Chadick later testified that he was on vacation in Michigan the week of August 10, 2009. (2d Hr'g Tr. 101:23).

In Mr. Chadick's rebuttal testimony, he did not dispute Tammy Bolster's testimony. He acknowledged, through counsel, that while the exact amount is uncertain, he received at least $1,000.00 from the Bolsters in anticipation of filing a bankruptcy petition on their behalf and admits that he received payment from them as recently as July 15, 2009. He acknowledged that the original and amended accounting which he submitted to the court on September 8 and 9, 2009 did not reflect the $1,000.00. The only explanation of his representation of the Bolsters that Chadick offered was that his office had been looking for their file for days and discovered "that the file had been inadvertently listed as a closed file and boxed for storage early in August." (2d Hr'g Tr. 89:3-4). He proffered this in an attempt to also explain why he did not have any records to show how much money he had received from the Bolsters in anticipation of filing a bankruptcy case on their behalf. Presumably, accurate accounting and required bookkeeping records would disclose funds in client escrow accounts for fees not yet earned in connection with commencing a bankruptcy case, as well as expenses not yet incurred for filing the petition. If the only financial records regarding receipt of client trust funds remain boxed with client papers in a closed file in storage, in this court's view, serious fiduciary concerns arise.
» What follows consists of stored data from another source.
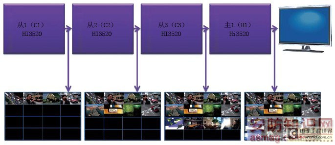 在DVR和HVR系统中,对录像和预览回放的处理方式是不一样的,比如全D1的录像机,它的录像通道就是D1大小,是不变的;而预览和回放不一样,需要根据用户的设定来改变,比如在一个1920×1080的显示器上,用户可以将屏幕划分成多个子窗口,一般有36、25、16、9、8、4、1等划分方法,也称之为layout方式。首先,主控芯片H1根据客户规定的layout方式发给每片处理器。每片处理器将采集或者解码得到的视频数据进行缩放,再放到规定的layout子窗口内。然后,将合成的视频从级联输出口输出,随着视频从C1传到C2、C3,最后传到H1。H1贴好自己的layout子窗口后,整个预览视频就完整了,通过MDIN340这颗HDMI驱动器,将视频完整地显示在监视器上,如图5所示。从HVR系统的主要使用方式来分析一下数据流向,探究该视频级联模式的视频预览回放级联模式的具体运作。
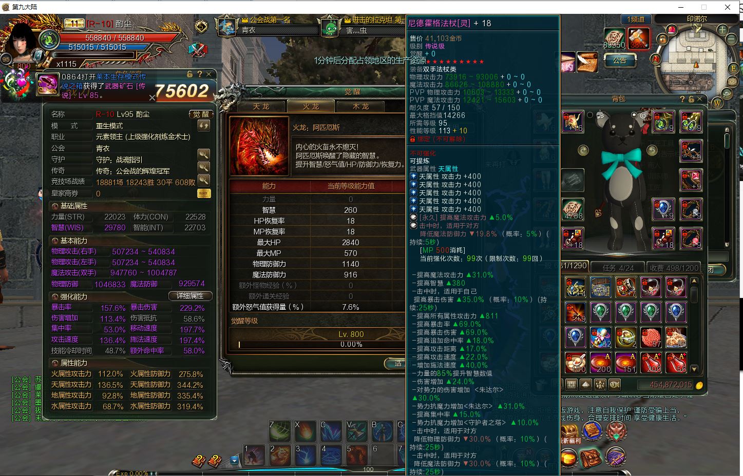 【玲珑 女 等级95 喜游戏账号 】出售95+20新天龙奥术最强号,连体号还有一个R10元素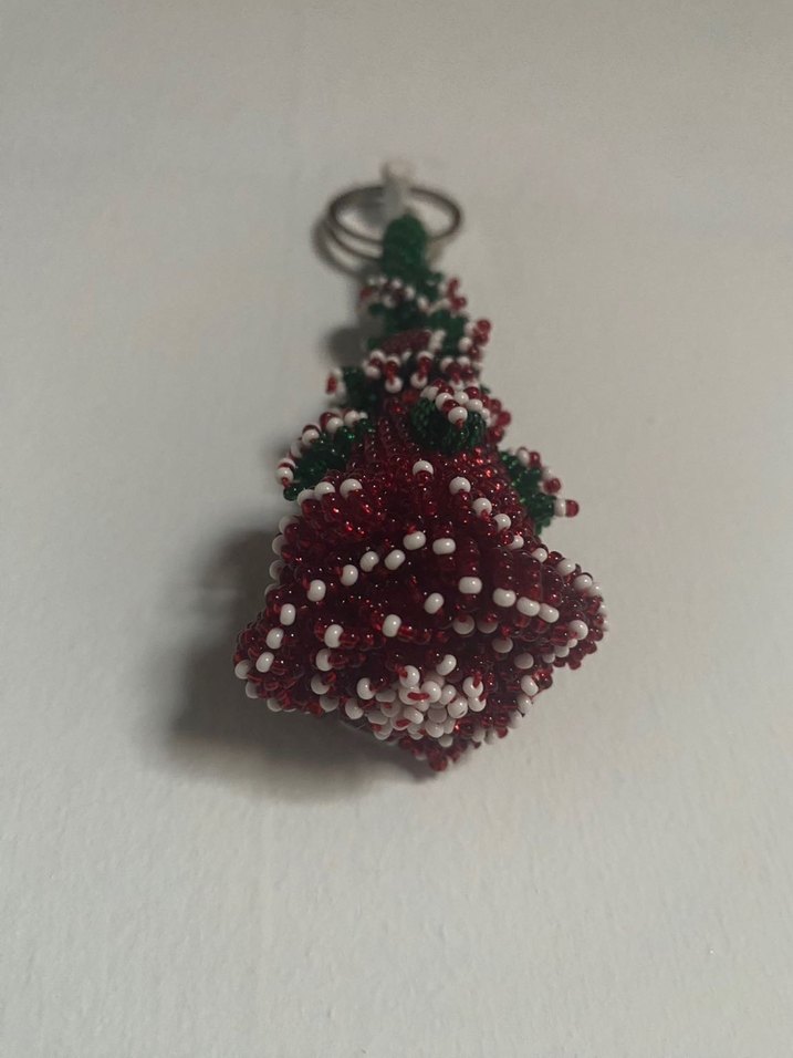 Bordo ve renkli boncuklardan oluşan bohem tarzda minimal ve hippie görünümlü anahtarlık.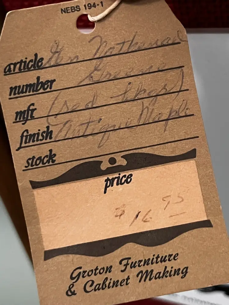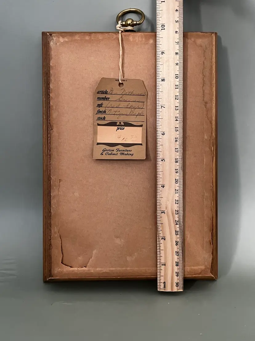 From the “Washington’s Bodyguard Series” a beautifully framed tile of General Nathaneal Greene mounted on fabric and framed in antique maple. This mid century piece still bears the original price tag and provenance from Groton Cabinet and Furniture Makers, in Groton CT. In excellent vintage condition. Perfect for the history buff and New England decor alike.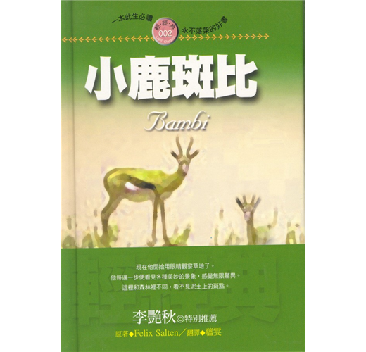 在許多人的心目中,『斑比』這個名字儼然已成為小鹿的代名詞,這本陪伴無數人走過童年的故事,此次在『輕經典系列叢書』中又再度重現,值得您好好珍藏。無論您是大朋友或小朋友,我們邀您一同成為小鹿斑比的新夥伴。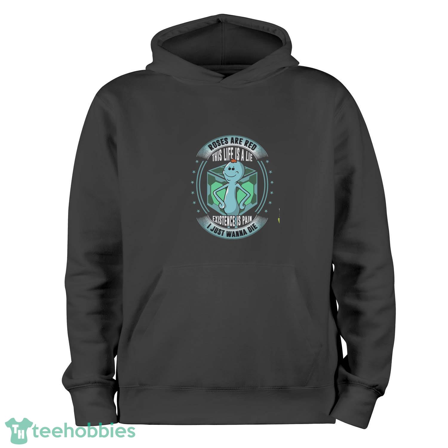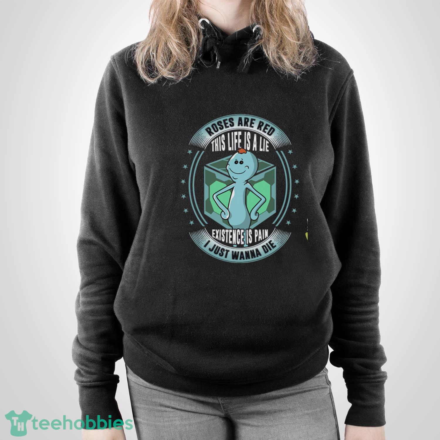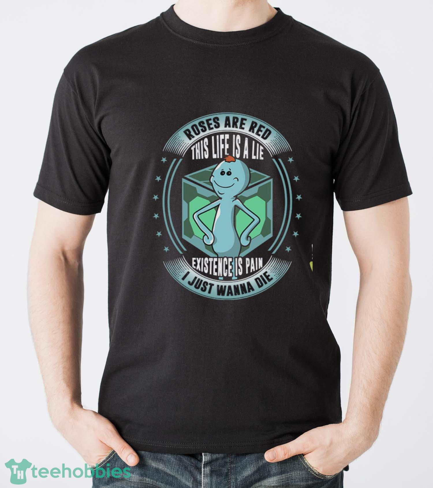 Mr. Meeseeks Roses Are Red This Life Is A Lie Existence Is Pain I Just Wanna Die T-Shirt Details

See N.Y. R. Prof'l Conduct 1.15: Preserving Identity of Funds and Property of Others; Fiduciary Responsibility; Commingling and Misappropriation of Client Funds or Property; maintenance of Bank Accounts; Record Keeping; Examination of Records (effective Apr. 1, 2009).

Daniel Doherty

On August 24, 2009, this court entered an order in the case of In re Daniel P. Doherty, Case No. 09-30341, at Docket no. 16, ordering Chadick to disgorge and pay to the debtor $750.00 by September 15, 2009, and to submit documentary proof to the United States Trustee's Office that he has "disgorged all fees received in connection with this case." (Order Granting Motion to Review Fees Paid Pursuant to 11 U.S.C. § 329 and for Disgorgement of Fees Paid to Christopher J. Chadick and for the Imposition of Sanctions Pursuant to 11 U.S.C. § 105(a), Aug. 24, 2009). At the September 24 hearing, Daniel Doherty testified that he had not received payment from Chadick. Assistant United States trustee Guy Van Baalen, Esq. also confirmed on the record that his office had not received the required documentary proof as directed by court order.

Mr. Doherty first consulted with Chadick in February 2008 to file a chapter 7 petition on his behalf and testified that he paid Chadick his full fee within two days of their first meeting. Although unsure of the exact total dollars paid, he testified that he distinctly remembered paying Chadick in three separate money orders: 1) a fee of $750.00; 2) the filing fee, which, this court notes, for a chapter 7 filing would be $299.00; and 3) a third fee of $250.00. By March 2008, Mr. Doherty delivered an envelope to Chadick's office containing the listing of all his creditors and information needed to complete his filing. He proceeded to call Chadick's office every third week to follow up with what was going on with his bankruptcy and was repeatedly told, "We're working on it." (2d Hr'g Tr. 30:3). On August 29, 2008, he received a call from the office saying that they had never received his paperwork; after going into Chadick's office and confronting Chadick's staff, the office acknowledged that Mr. Doherty had dropped off an envelope but requested that he resubmit the information. Due to the delay, Mr. Doherty's credit counseling certificate lapsed and he was forced to retake the course. Chadick did not file the case until February 19, 2009 — a full year after his initial consult and receipt of payment in full. The court finds the delay entirely attributable to the dysfunction of Chadick's office. After the case was filed, the First Meeting was scheduled for Friday, March 27, 2009. Mr. Doherty testified that he stopped by Chadick's office and was told by Chadick that the meeting had been canceled. When he inquired why, Chadick responded: "Oh, well, they just don't give reasons. They just call and cancel." (2d Hr'g Tr. 32:21-24). After he left the office, Mr. Doherty proceeded to call the Chapter 7 Trustee's office only to confirm that the meeting was still on. Without Chadick's representation, Mr. Doherty attended the First Meeting as originally scheduled in the court notice. The following Monday he called Chadick and inquired as to why he had been told that the hearing would not be held. He testified that Chadick replied, "Well, I was moving that day." (2d Hr'g Tr. 36:3). The court found Mr. Doherty's statements and demeanor to be very credible and accepts his testimony at face value.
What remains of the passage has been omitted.